O advogado e escritor Antônio Campos participou, nesta semana, da reinauguração da biblioteca do Superior Tribunal de Justiça, em Brasília. O espaço foi reaberto após passar por um processo de reforma e modernização, com melhorias voltadas à preservação do acervo, acessibilidade e melhores condições para estudo e pesquisa.
A cerimônia também marcou a apresentação da Coleção Célio Borja, recém-incorporada ao acervo da biblioteca. O conjunto reúne cerca de seis mil obras fundamentais do Direito, abrangendo publicações do século XVII até os dias atuais, pertencentes ao ex-ministro do Supremo Tribunal Federal.
Entre os destaques está a exposição de um exemplar raro da obra Commentariorum Juris Civilis, de Nicolai Vigelius, impresso em 1562 na Universidade de Heidelberg, peça considerada um marco do pensamento jurídico ocidental.
Para Antônio Campos, o momento reforça a importância da valorização da memória jurídica no país.

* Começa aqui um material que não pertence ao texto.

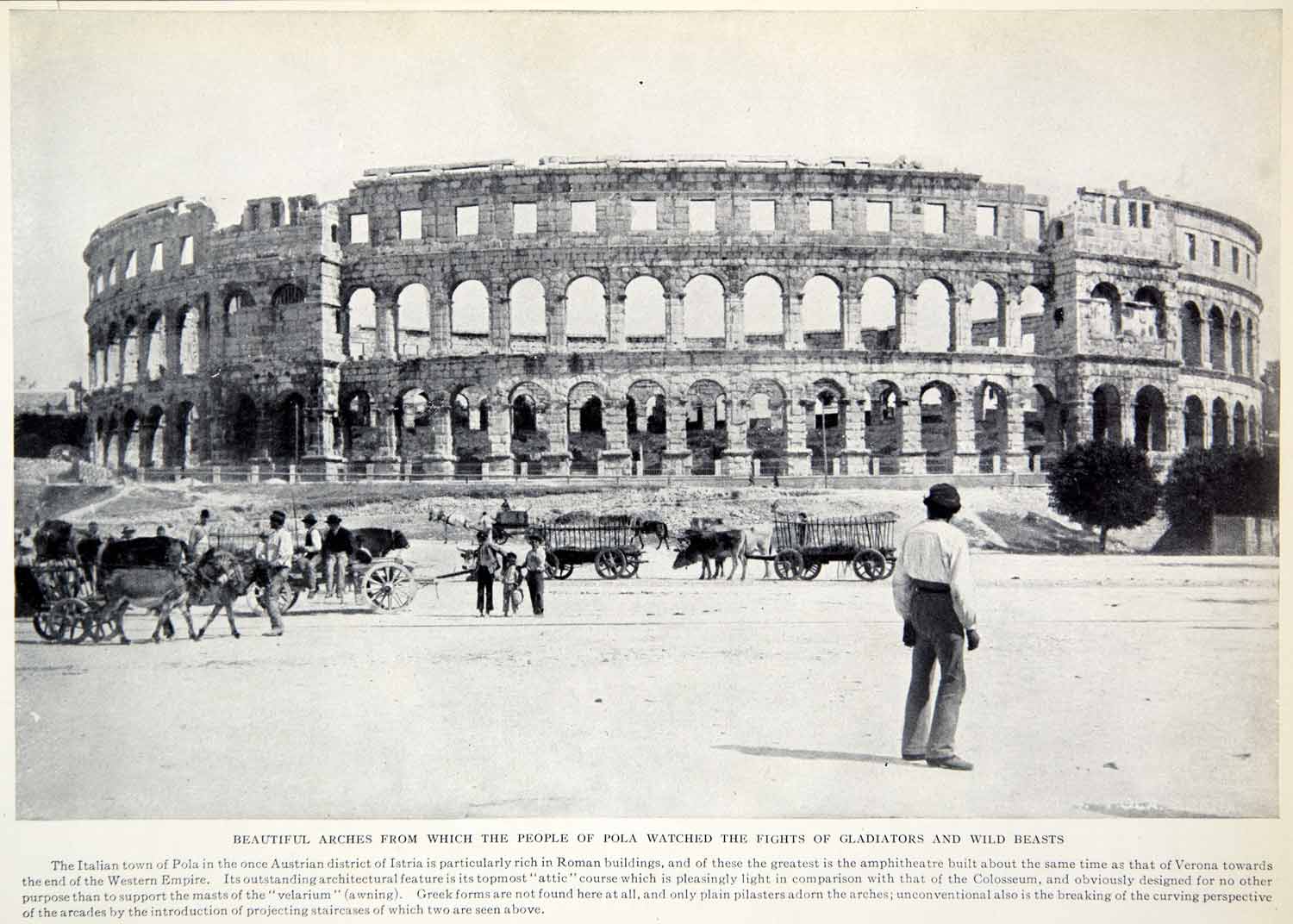 This is an original 1924 black and white halftone print of the "Beautiful Arches of the Pola Amphitheatre," from which the people of Pola watched the fights of gladiators and wild beasts.

“A reinauguração da biblioteca do STJ simboliza o compromisso com a preservação do conhecimento e o fortalecimento da cultura jurídica brasileira. Trata-se de um espaço essencial para pesquisadores, estudantes e operadores do Direito”, afirmou.
A reabertura do equipamento consolida o papel das instituições judiciais na promoção da cultura, da educação e da história do Direito no Brasil.